To summarize, general confidence in results obtained using n-gram-based translation quality assessment methods is low. Moreover, it is not entirely clear what type of quality assessment these methods produce, which I’ll discuss in detail in the next section.

LQA (Language Quality Assurance)

This is the approach of choice to evaluate quality of final or pre-release materials. When it comes to MT quality, LQA produces accurate results (in terms of quantifying human sentiment) only if the final product (translation) uses raw MT.

LQA is done by a human and should be always based on a metric. The traditional, atomic approach (analyzing each translated unit/segment and logging all issues) is more time-consuming than automated evaluations. At the same time, it adequately highlights all issues with the translation and allows us to evaluate any translated content. No sample reference is required.

One big question is whether detailed, atomic-level LQAs reflect real human sentiment. Many technical issues, such as missing commas, dual spaces, or even slightly incorrect terminology contribute to the error rating, but are often perceived as nothing more than a minor irritant. These issues do not always have a serious effect on human perception or comprehension of the translated content. A text with numerous minor issues may receive an objectively low atomic quality rating, but still read as completely acceptable to a human.

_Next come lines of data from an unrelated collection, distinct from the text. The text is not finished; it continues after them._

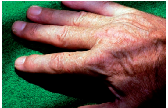
Fig. 4 Enhydris plumbea bite wounds 1 hr 30 min after the bite.
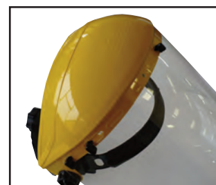
Visera de chorro S-128
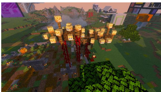
Le cimetière de Vartac par Tutu.
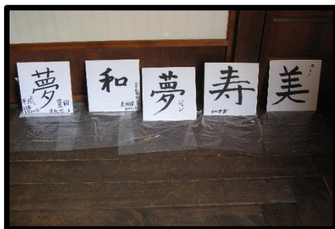
syuuji E. 书法 100円
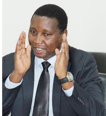
Wasiri wa Elimu - Prof. Adolf Mkenda

Hili huenda sambamba na kuwatafuta wakukuzi (hackers) wa nchi mbalimbali wanaojaribu kuingia ndani ya mifumo mbalimbali ya nchi hiyo. Haya yote husababishwa na kiu waliyonayo wenzetu katika kukuza na kulinda ufahamu wao wa sayansi na teknolojia.
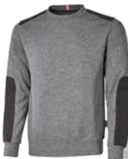
code EY120GM col. GREY METEORITE
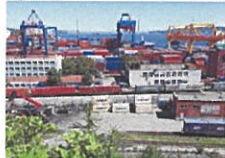
シベリア鉄道 (ウラジオストク商業港)

<要件>シベリア鉄道を利用した輸送実験であること <交付額>補助率1/2 上限額150万円
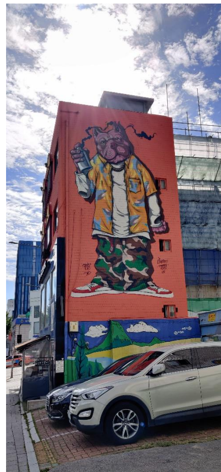
Graffiti in Seoul
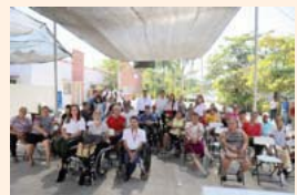
Esto como resultado de la confianza del sector privado en las instituciones municipales
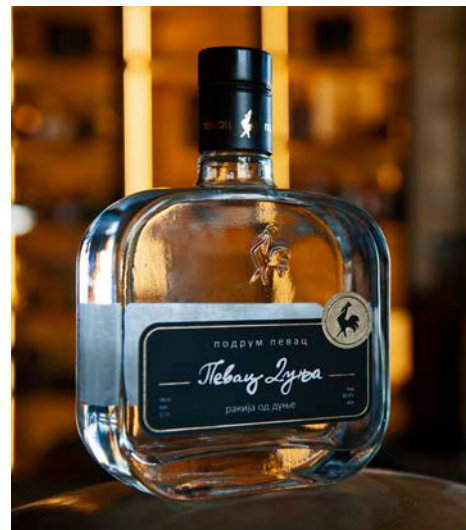
マルメロのラキヤ

私たちの製造における挑戦のひとつ。厳選されたアンズの果実を使用し、管理された環境で丁寧かつ長時間にわたる蒸留によって生み出されました。繊細でほのかに感じられるバニラのニュアンスがあり、これは古いオークバリック樽での部分的
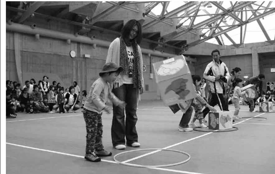
◀おんぶやだっこなど、サイコロの目に従ってゴールする「好きんシブ」
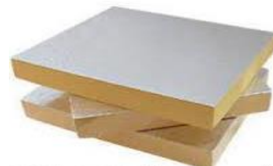
PF Pre-insulated Board Composite Aluminum Foil

This particular issue and the 3D, hybrid approach to quality is discussed in detail in a separate article, Reliably Measuring Something That Isn't Completely Objective: The Quality Triangle Approach to Translation Quality Assurance.

Editing effort

The editing time approach measures exactly what you think, i.e. time required to edit the MT (or crowdsourcing results) and bring the translation to the human-level standard. If we also record the time required to translate the same material from scratch, we can easily calculate the direct efficiency gain achieved. This particular approach represents the most pragmatic, objective method of evaluating MT efficiency in cases when it is later edited by a human.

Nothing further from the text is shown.